Overview
In a previous blogpost, Comprehending complex designs: Cluster randomized trials, I walked through the nuances and challenges of cluster randomized trials (CRTs). Cluster randomized trials randomize groups of individuals, such as families or clinics, rather than individuals themselves. Cluster randomized trials are used for a variety of reasons, including evaluating the spread of infectious disease within a household or evaluating whether a new intervention is effective or feasible in real-world settings. Participants within the same cluster may share the same environment or care provider, for example, leading to correlated responses. If this intracluster correlation is not accounted for, variances will be underestimated and inference methods will not have the operating characteristics (i.e., type I error) we expect. Linear mixed models represent one approach for obtaining cluster-adjusted estimates, and their application was demonstrated using data from the SHARE cluster trial evaluating different sex ed curriculums (interventions) in schools (clusters).

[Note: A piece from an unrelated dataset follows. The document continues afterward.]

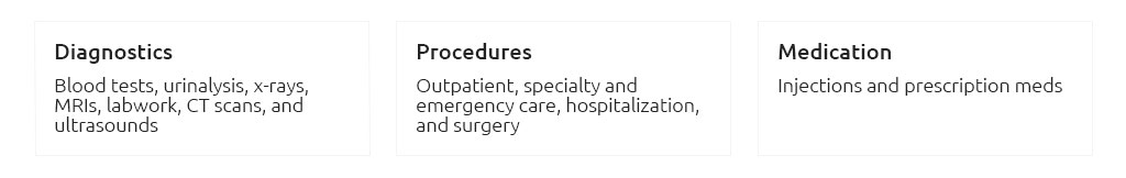 - Medications and therapies: Rx, rehab, acupuncture; some require add-ons.
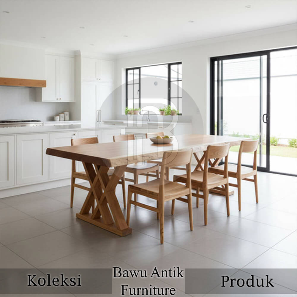 Meja Makan Jati Kursi 6 Minimalis Waterbase Rustic BA-592

Individually randomized group treatment trials (IRGTs) are closely related to CRTs, but can require slightly more complex analytic strategies. IRGT designs arise naturally when individuals do not initially belong to a group or cluster, but are individually randomized to receive a group-based intervention or receive treatment through a shared agent. As a result, individuals are independent at baseline, but intracluster correlation can increase with follow-up as individuals interact within their respective group or with their shared agent. IRGTs can be “fully-nested,” meaning that both the control and experimental conditions feature a group-based intervention, or “partially-nested,” meaning that the experimental condition is group-based while the control arm is not. A fully-nested IRGT may be used to compare structured group therapy versus group discussion for mental health outcomes, for example. If both arms feature groups and the same intracluster correlation, analysis of fully-nested IRGTs is practically identical to that of CRTs. In comparison, a partially-nested IRGT may be used to compare group therapy versus individual standard of care or a waitlist control, for example. Analysis of partially-nested IRGTs is more complex because intracluster correlation is only present in one arm, and methods must be adapted to handle heterogeneous covariance or correlation matrices. If fully-nested but arms do not share the same correlation, similar considerations are required.
To provide insight into data generating mechanisms and inference, this blog post demonstrates how to simulate normally distributed outcomes from (1) a two-arm cluster randomized trial and (2) a two-arm, partially-nested individually randomized group treatment trial. I only use base R for data generation, so these approaches can be widely implemented. Simulation of complex trial designs is helpful for sample size calculation and understanding operating characteristics of inference methods in different scenarios, such as small samples. Analysis of the simulated data proceeds using linear mixed models fit by the nlme library. Visualization uses ggplot2.